The Mortgage Insurance on conventional financing gets lower the more you put down (dropping off at 20% equity). The great part about conventional financing is, even if you do not put down 20% when you buy a home, the Mortgage Insurance will drop off once you get to 20% equity in your home. This can be done by paying your loan down or by increasing the value of your home (or a combination of both). If you have a conventional loan with Mortgage Insurance it is important to monitor the value of your home and your loan balance to see when you can get the MI removed. Many lenders will not remove it automatically so you will have to keep on top of it for them.
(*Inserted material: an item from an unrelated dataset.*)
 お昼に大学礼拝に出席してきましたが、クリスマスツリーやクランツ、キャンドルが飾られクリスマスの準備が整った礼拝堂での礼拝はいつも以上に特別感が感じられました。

Multiple conventional loans allowed at once

Conventional financing allows up to 10 active loans at the same time. This is useful for buyers looking to purchase a second home, a vacation home, or investment property. If you are considering renting out your current house, conventional will allow you to convert your current home to an investment property and buy a new home at the same time. The flexibility of conventional helps home buyers to start building their real estate portfolio.

Conventional financing is considered the “easy” loan program

The conventional loan program is considered the easiest loan to get closed. While I personally think FHA and VA loans are just as easy to close, the market considers these “easy” loans. What does this mean for a buyer? Well it means if you are competing with several potential buyers on a home and have a conventional pre-approval you are more likely to get selected. Agents and sellers consider this the easy program so if you have the same offer as an FHA buyer that agent and seller are more likely to select your offer. Some home sellers also limit the financing they will accept to conventional financing. In a competitive housing market (a seller’s market) having that conventional loan approval will give you an edge.
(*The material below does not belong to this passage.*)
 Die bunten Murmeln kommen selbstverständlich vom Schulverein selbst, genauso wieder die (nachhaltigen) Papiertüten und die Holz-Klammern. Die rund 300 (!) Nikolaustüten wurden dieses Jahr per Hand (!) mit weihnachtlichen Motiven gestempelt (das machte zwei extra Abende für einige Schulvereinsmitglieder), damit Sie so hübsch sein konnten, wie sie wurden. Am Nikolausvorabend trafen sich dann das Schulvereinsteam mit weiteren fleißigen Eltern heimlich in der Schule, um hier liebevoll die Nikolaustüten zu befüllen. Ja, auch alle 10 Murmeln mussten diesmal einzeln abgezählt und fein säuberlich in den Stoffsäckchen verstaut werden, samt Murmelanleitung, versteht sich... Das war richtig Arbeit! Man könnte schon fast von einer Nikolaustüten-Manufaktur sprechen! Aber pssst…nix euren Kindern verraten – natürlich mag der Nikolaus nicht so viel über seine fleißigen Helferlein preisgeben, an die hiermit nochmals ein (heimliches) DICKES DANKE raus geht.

Why would a buyer use conventional financing?

The goal is always to qualify for conventional financing. The mortgage insurance benefits of conventional alone make it worth getting into the loan program. If you have great credit, income, and assets we will go conventional. If you do not qualify for conventional and have to go FHA, I will continue to monitor your mortgage and home value (along with your income, assets, and credit) to eventually refinance the loan into conventional financing.

Omaha Housing Statistics

Omaha is a stable home market with fairly steady appreciation whether the economy is booming or busting. Appreciation has been very high over the last 5 years but it is still not too far off the 10 year and even 60 year average.

  • Home appreciation – 60 year average 3.71% – 10 year average 3.65% – 5 year average 5.48%
  • Appreciation forecast over the next 5 years is 7.67%. Home prices are expected to increase!
  • Median Home Prices – $194,127 ($143 per sq ft)
  • Unemployment – 3.19% (national average – 3.6%)

Other useful links

The conventional loan option is great for families with 20% down or even a minimum down of 3%. If you have great credit and good income, conventional financing is going to be the option for you.